Thursday, March 09, 2006

Jay Bennish Update

Fortunately, it appears cooler heads have prevailed. I always suspected school admistrators, who knew Bennish had done nothing wrong, would let him back into the classroom with no discipline whatsoever. And he won't apologize. And he has nothing to apologize for. Bennish was engaging in the most time-proven learning technique ever deployed by good teachers: He was generating controversy in order to make students think.

He's not completely out of the woods...Republican members of Colorado's state board of education want his head. But they won't get it. Disciplining teachers is the province of local administrators. And Bennish hasn't violated any policies.

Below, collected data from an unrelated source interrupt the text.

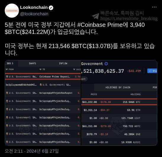 블록체인 분석업체 아캄인텔리전스에 따르면 미국 정부로 라벨링된 지갑 주소는 2억4122만 달러 상당의 비트코인 3940개를 코인베이스로 보냈다.
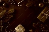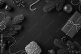 Top view of a festive Christmas arrangement featuring green branches, red berries, ornaments, and a wrapped gift on a dark background
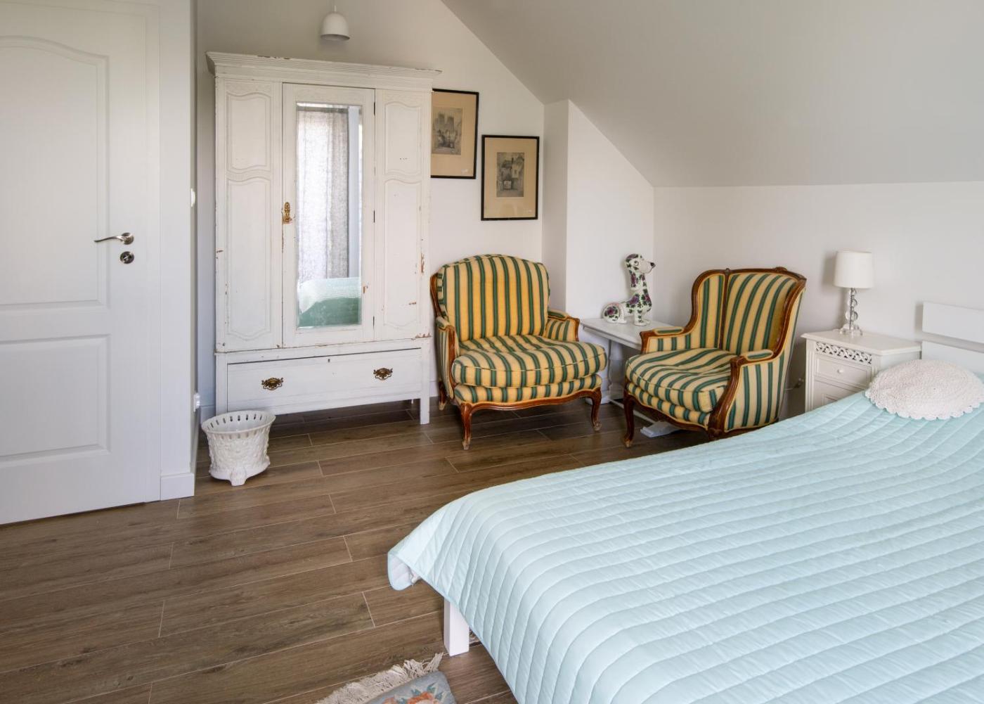 Domek z 5 sypialniami. This spacious holiday home features 1 living room, 5 separate bedrooms and 2 bathrooms with a walk-in shower and a bath. Guests will find a stovetop, a refrigerator, a dishwasher and kitchenware in the kitchen. The holiday home also comes with a barbecue. Boasting a terrace with lake views, this holiday home also features a washing machine and a flat-screen TV with cable channels. The unit has 7 beds. Dom wakacyjny - 16 osobowy. Powierzchnia pokoju ok.: 140 mkw.
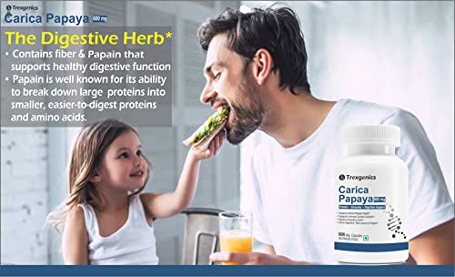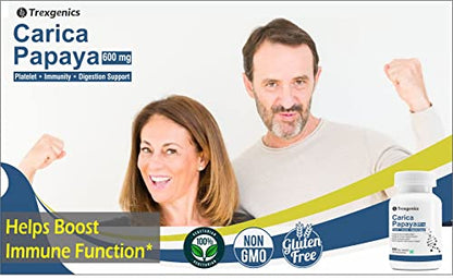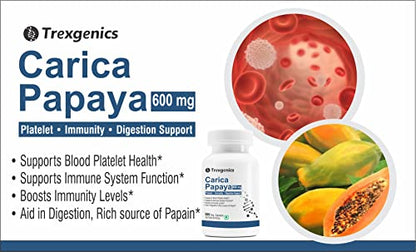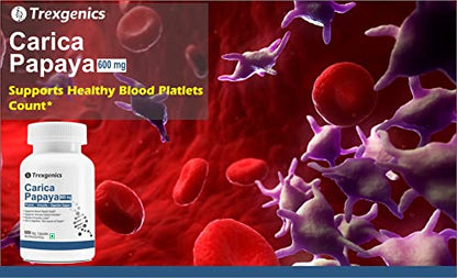 - Trexgenics Carica Papaya leaf 600 mg is used for Supports Healthy Platelet count, improve digestion and immunity. Trexgenics utilizes premium quality Carica papaya leaf extract for maximum benefits.
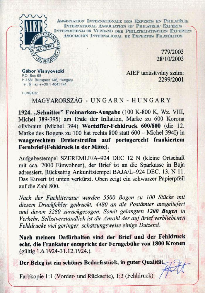 | Prüfer: | Visnyovszki, Gábor (AIEP (Association internationale des experts en philatélie)) |
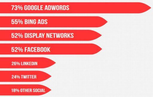 Почти три-четверти опрошенных маркетологов (73%) в 2014 году планирует увеличить расходы на контекстную рекламу AdWords, 55% на размещение в Bing, а 52% планируют увеличивать рекламный бюджет на Facebook:
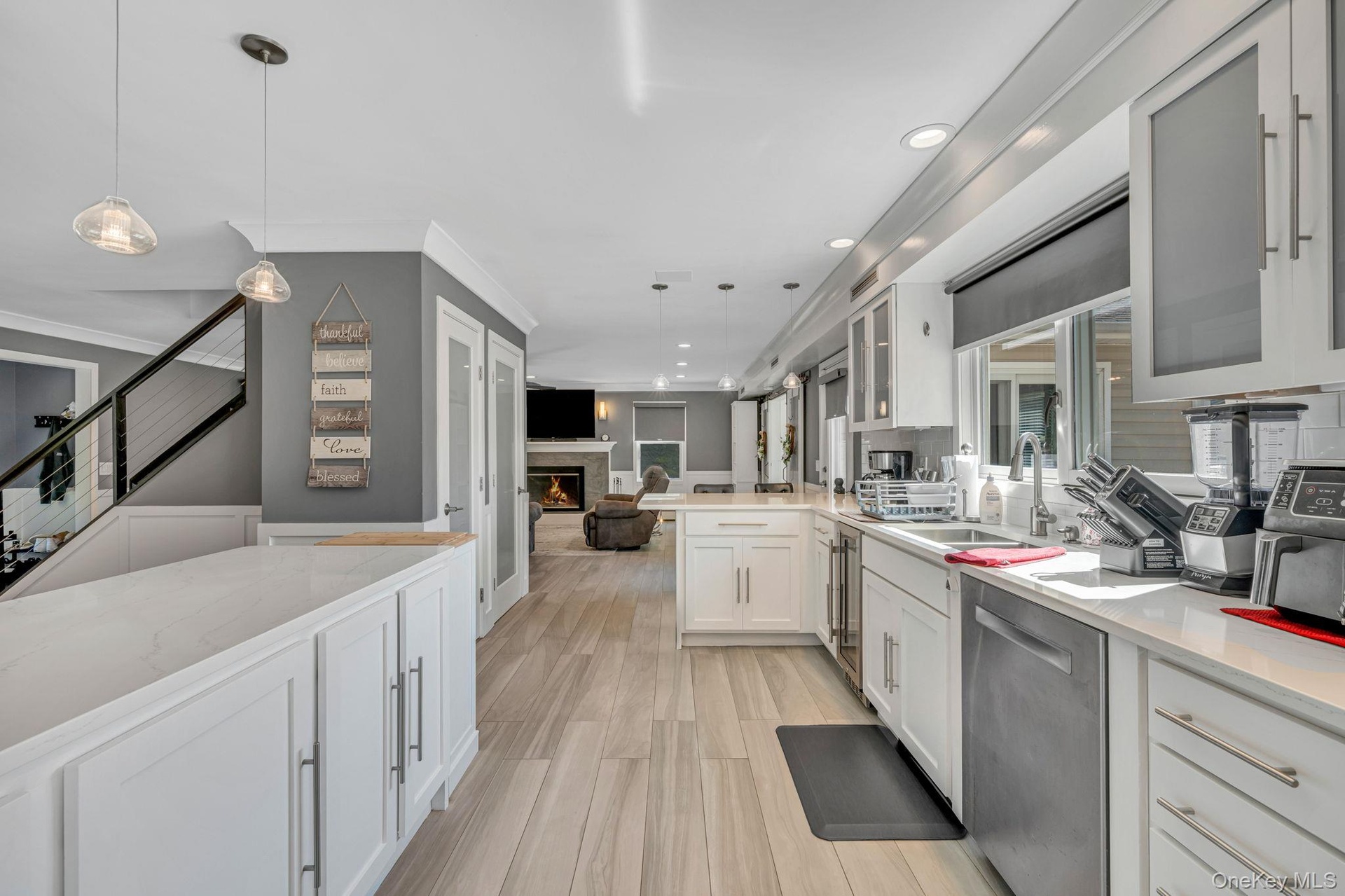 - Kitchen featuring hanging light fixtures, white cabinets, dishwasher, glass insert cabinets, and open floor plan
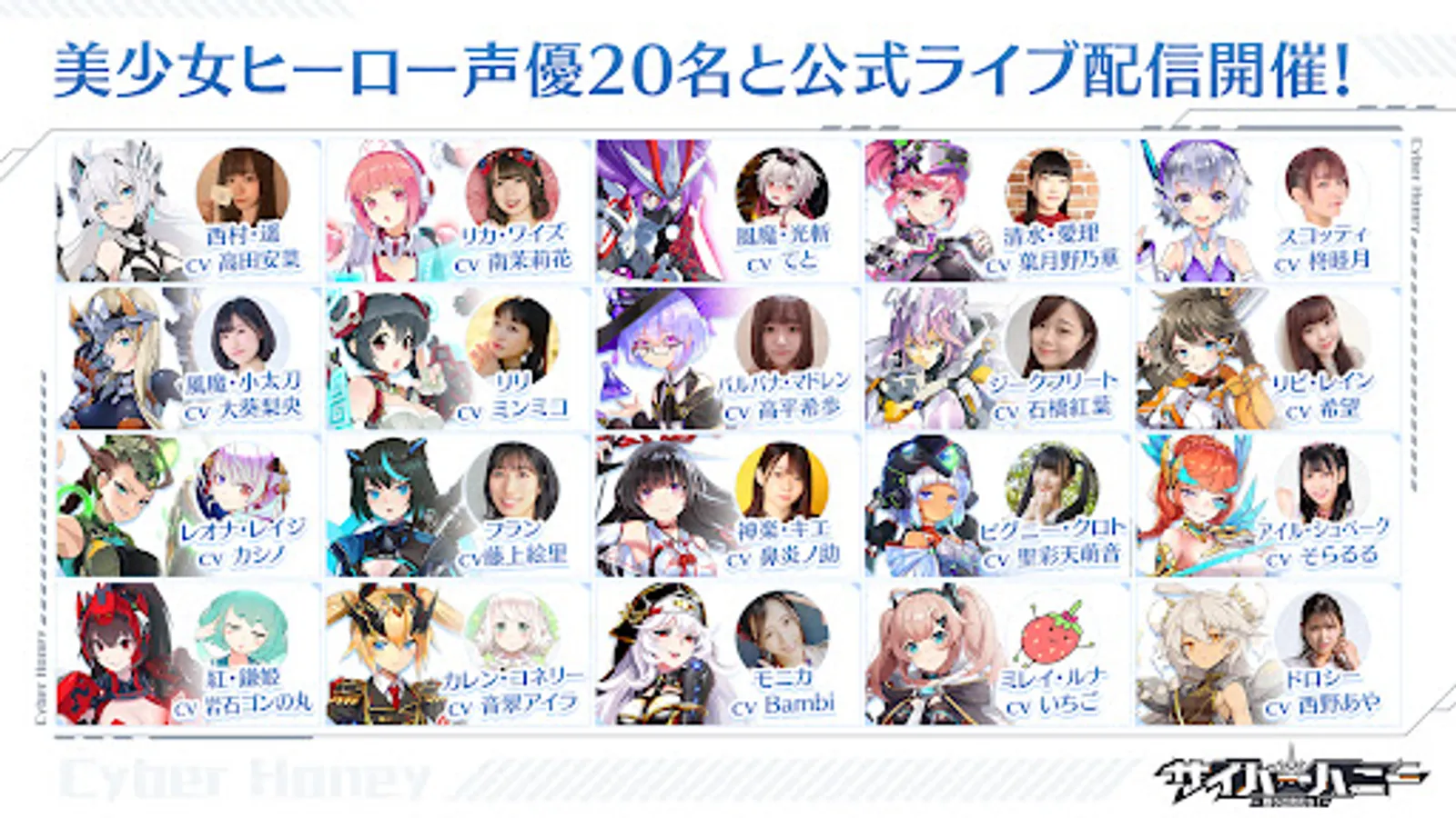 Voice actors auditioned as "Cyber Honey Official" will perform live distribution and game distribution.
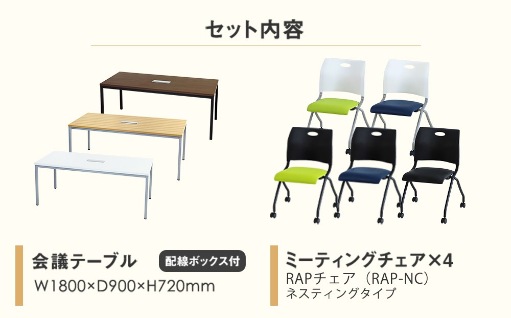 | 特記事項 | セット内容:会議テーブル(NF-GLM-1890H)×1、ミーティングチェア(NF-Rap-NC)×4 |

The warborgs who called for Bennish's lynching (and pretty much all of them did) kept repeating the extremely ignorant argument that what Bennish said had nothing to do with geography. Not so, I kept screaming. But this excellent editorial puts it better than I did:
This was the most common attack across the right-wing blogosphere and radio world—-that Bennish had no right to discuss geopolitics in a class on geopolitics.
After elementary school, geography moves beyond “name that country” map study. Geography is multidisciplinary. It explores, among other things, how and why countries came into existence, and it studies the continuing evolution of the earth’s political geography. Scholars earn doctorates in geography, not because they are extremely proficient with colored crayons or have memorized all of the world’s capitol cities but because they have endeavored to explain how we got to where we are and where, perhaps, we’re going.
Bennish teaches Accelerated World Geography, an honors class designed to prepare students for college. In his course syllabus, Bennish explains that his course will “look into the geographical—or spatial—relationships between human societies and cultures, the natural environment, and historical changes that have shaped the contemporary world. More than answering the question ‘what is where,’ this course adopts a conceptual approach to understanding and explaining the dynamic human and natural features of the earth’s surface.” Themes covered during the semester, he explains, include “population, religion, human rights, notions of development and underdevelopment, impact of colonialism historically and currently, sustainability, impacts of modernization on developing countries, globalization of economy and culture, political and international conflict, cultural diversity, and global environmental concerns.” In order to effectively teach this stuff, he explains, “A deeper understanding of current events from a historical and geographical perspective is imperative. Thus, timely issues and events in the news will be tied into the overall framework of the course.”

The thing is, I'd go to the wall to defend this guy if he had been "guilty" of expressing leftist opinions in the classroom. As I opined earlier this week, right now there is absolutely no check on unfiltered super-pro-Bushite-patriotism in public school classrooms. There is no "balance" to restore, and I've yet to hear any conservatives with the proverbial walnuts to offer some argument saying that it's okay to shove rightist opinions down students' throats without allowing them to hear the other side (I have no doubt that's what most of them believe, but that lack of walnuts hinders their honesty on this point).

But the thing really is, I don't have to go to the wall to defend Jay Bennish. He wasn't doing what the warborgs said he was doing. He was, in fact, teaching. God bless him, and may he return to the classroom more enthusiastic and emboldened than ever.